1. This appeal has been filed by special leave of this Court against the judgment of the High Court of Andhra Pradesh by which the appellant who is an Advocate was held guilty of professional misconduct and had been suspended from practice for five years.
2. The facts relating to the misconduct charge were briefly these : The three respondents before us and one other - Kagga Veeraiah - were plaintiffs in O.S. 432 of 1951 on the file of District Munsif, Guntur in which a claim was made for possession of certain lands. The appellant was the Advocate for these plaintiffs. The suit was dismissed by the Trail Court and an appeal was filed therefrom to the Subordinate Judge, Guntur and pending the disposal of the appeal there was a direction by the Court that the crops standing on the suit-land be sold and the proceeds deposited into Court. In pursuance of this order a sum of about Rs. 1,600/- was deposited into Court on December 19, 1951. The appeal by the plaintiffs was allowed by the Subordinate Judge. The unsuccessful defendants preferred a second appeal to the High Court, but meanwhile the plaintiffs made an application for withdrawing the amount deposited in the Court. By virtue of interim orders passed by the Court they were granted liberty to withdraw the sum pending disposal of the second appeal in the High Court filed by the defendants on furnishing security of immovable property. This security was furnished and the withdrawal was ordered. A cheque petition E.A. 250 of 1952 was accordingly filed which was allowed and thereafter a cheque was issued in favour of the Advocate - the appellant before us - for Rs. 1,452/4/-, this being the sum remaining to the credit of the plaintiffs after deduction of poundage etc. It was admitted that this cheque was cashed by the appellant on April 23, 1953. The appellant did not dispute that he cashed this cheque on behalf of his clients or that the latter was entitled to be paid this sum and the charge of professional misconduct against the appellant was that the Advocate had not made this payment in spite of demands but that on the other hand he falsely claimed to have paid them this sum.

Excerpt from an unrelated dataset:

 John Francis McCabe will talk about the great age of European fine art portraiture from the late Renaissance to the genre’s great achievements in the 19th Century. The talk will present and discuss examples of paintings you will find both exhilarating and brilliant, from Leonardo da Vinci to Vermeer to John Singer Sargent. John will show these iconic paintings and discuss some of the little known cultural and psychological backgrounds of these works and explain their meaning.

3. To resume the narrative of the matters leading to these proceedings, the second appeal before the High Court was disposed of in August, 1955 and by the judgment of that Court the appeal was allowed and the plaintiff's suit dismissed. The plaintiffs had therefore to refund the sum to the defendants in the suit. On February 8, 1956 the plaintiffs made a written demand on the appellant for the sum complaining that the cheque had been cashed by him but that its proceeds had not been paid over. On April 14, 1956 the appellant replied to this notice claiming to have paid over the sum to them on their passing a receipt and stating that the receipt happened to be in the bundle of case-papers which had been returned to them.

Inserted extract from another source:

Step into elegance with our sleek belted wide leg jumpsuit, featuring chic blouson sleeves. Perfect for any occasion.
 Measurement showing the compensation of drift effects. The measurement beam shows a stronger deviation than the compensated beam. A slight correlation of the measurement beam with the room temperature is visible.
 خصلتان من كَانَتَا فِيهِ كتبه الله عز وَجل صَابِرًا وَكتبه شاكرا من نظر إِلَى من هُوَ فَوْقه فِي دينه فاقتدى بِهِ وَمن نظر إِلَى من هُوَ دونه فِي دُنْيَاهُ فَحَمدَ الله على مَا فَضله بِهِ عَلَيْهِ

4. But even before the receipt of this reply the three respondents before us filed a complaint under Sections 12 and 13 of the Legal Practitioners Act alleging the non-payment of the money and charging the Advocate with professional misconduct in respect of it, and praying for an enquiry into his conduct. The appellant was an Advocate and hence the complaint was treated as one under s. 10(2) of the Indian Bar Councils Act, 1926. The explanation of the Advocate was called for and thereafter the District Judge, Guntur was directed to hold an inquiry into the allegations of professional misconduct against the appellant and forward is report to the High Court. An elaborate inquiry was thereafter held by the learned District Judge who, after considering the evidence, submitted a report recording his conclusion 'that the appellant's case was not unbelievable' and that on that ground he was entitled to the benefit of doubt. The matter the came up before the High Court for consideration on this report. Some point appears to have been made before the Court that certain material witnesses had not been examined. Agreeing with the submission they directed the District Judge to summon and examine them and this was accordingly done, their evidence was recorded and submitted to the High Court. The matter was thereafter heard by a Bench of 3 Judges and the learned Judges being of the opinion that the charge against the appellant viz., that he did not pay over the amount of the cheque to his clients was clearly made out, held him guilty of professional misconduct and imposed the punishment of suspension from practice, as stated earlier. The appellant then applied and obtained leave of this court - special leave under Art. 136 to challenge the correctness of these findings and that is how the matter is before us.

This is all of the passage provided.